## [DESCRIPTION OF THE TASK]
A faithful repeat of all the records, with no image kept, is the required answer.

Extracted records
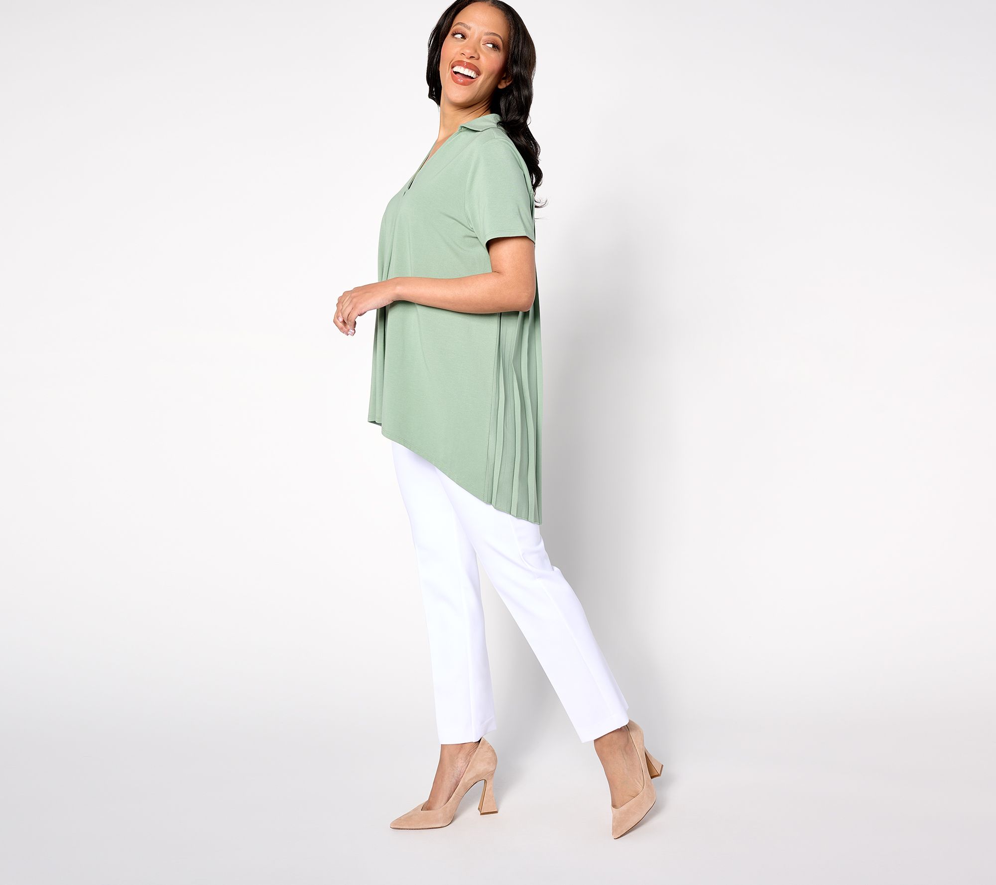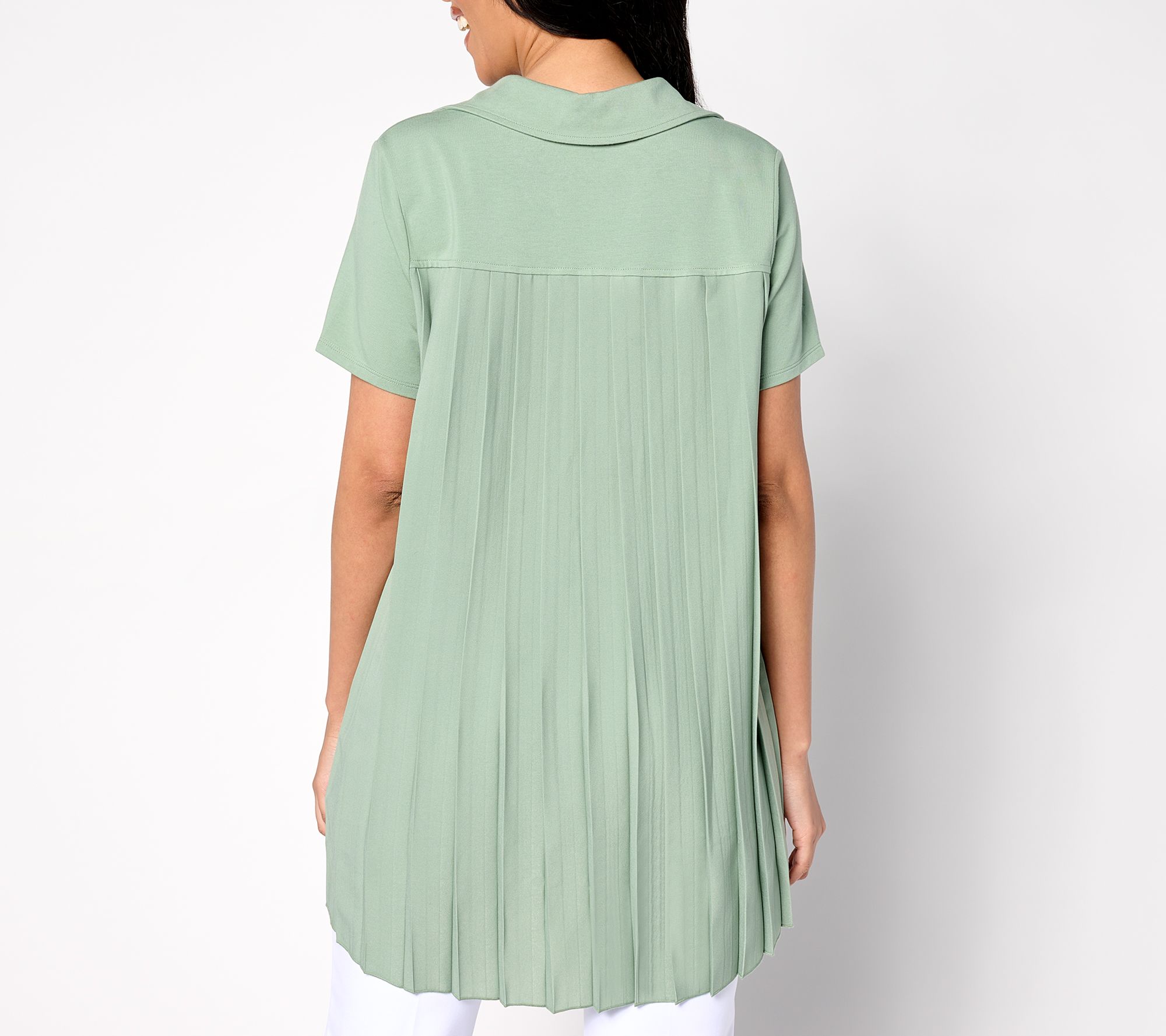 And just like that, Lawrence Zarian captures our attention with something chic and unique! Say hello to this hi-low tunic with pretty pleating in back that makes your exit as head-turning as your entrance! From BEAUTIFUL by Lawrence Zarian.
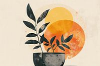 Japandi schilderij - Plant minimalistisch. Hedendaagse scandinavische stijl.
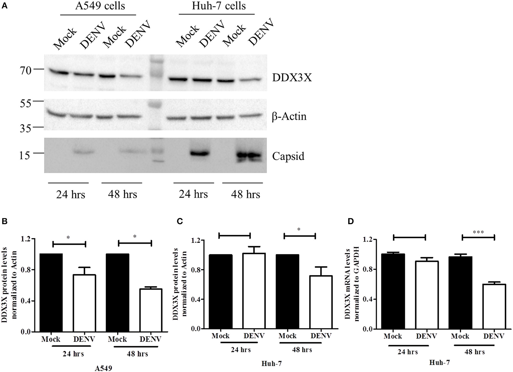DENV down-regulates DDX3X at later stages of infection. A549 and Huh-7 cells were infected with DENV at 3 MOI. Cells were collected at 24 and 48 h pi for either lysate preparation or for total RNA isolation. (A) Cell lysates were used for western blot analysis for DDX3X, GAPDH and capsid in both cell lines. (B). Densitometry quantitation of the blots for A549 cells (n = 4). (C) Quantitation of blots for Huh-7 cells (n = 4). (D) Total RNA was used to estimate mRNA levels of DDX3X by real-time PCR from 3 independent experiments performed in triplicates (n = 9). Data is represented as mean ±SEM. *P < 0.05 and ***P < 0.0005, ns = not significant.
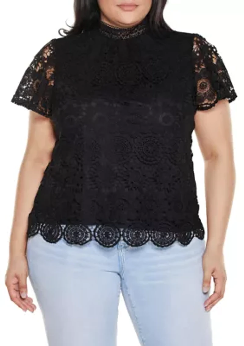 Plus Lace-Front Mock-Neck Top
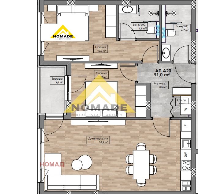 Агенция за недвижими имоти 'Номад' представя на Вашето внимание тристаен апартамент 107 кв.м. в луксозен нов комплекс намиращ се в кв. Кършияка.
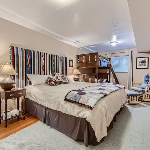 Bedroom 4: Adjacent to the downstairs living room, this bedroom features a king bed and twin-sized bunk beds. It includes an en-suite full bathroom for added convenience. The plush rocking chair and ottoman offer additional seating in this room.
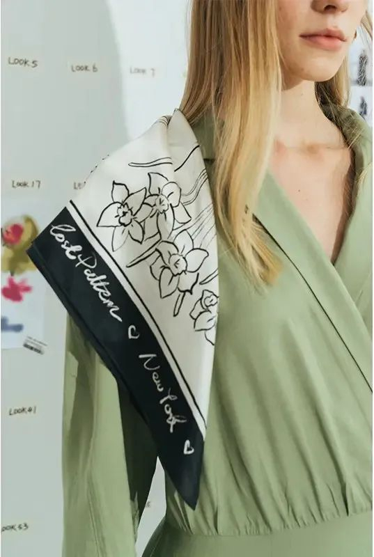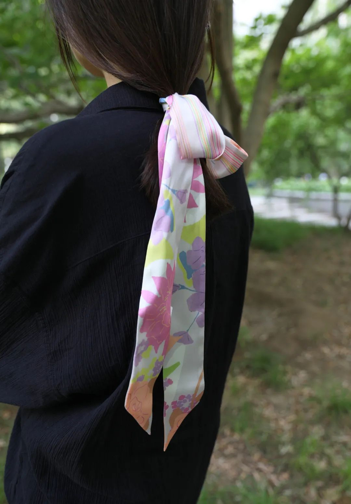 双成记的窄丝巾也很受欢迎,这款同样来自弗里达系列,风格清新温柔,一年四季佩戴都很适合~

## [FINISHED TASK]
 And just like that, Lawrence Zarian captures our attention with something chic and unique! Say hello to this hi-low tunic with pretty pleating in back that makes your exit as head-turning as your entrance! From BEAUTIFUL by Lawrence Zarian.
 Japandi schilderij - Plant minimalistisch. Hedendaagse scandinavische stijl.
DENV down-regulates DDX3X at later stages of infection. A549 and Huh-7 cells were infected with DENV at 3 MOI. Cells were collected at 24 and 48 h pi for either lysate preparation or for total RNA isolation. (A) Cell lysates were used for western blot analysis for DDX3X, GAPDH and capsid in both cell lines. (B). Densitometry quantitation of the blots for A549 cells (n = 4). (C) Quantitation of blots for Huh-7 cells (n = 4). (D) Total RNA was used to estimate mRNA levels of DDX3X by real-time PCR from 3 independent experiments performed in triplicates (n = 9). Data is represented as mean ±SEM. *P < 0.05 and ***P < 0.0005, ns = not significant.
 Plus Lace-Front Mock-Neck Top
 Агенция за недвижими имоти 'Номад' представя на Вашето внимание тристаен апартамент 107 кв.м. в луксозен нов комплекс намиращ се в кв. Кършияка.
 Bedroom 4: Adjacent to the downstairs living room, this bedroom features a king bed and twin-sized bunk beds. It includes an en-suite full bathroom for added convenience. The plush rocking chair and ottoman offer additional seating in this room.
 双成记的窄丝巾也很受欢迎,这款同样来自弗里达系列,风格清新温柔,一年四季佩戴都很适合~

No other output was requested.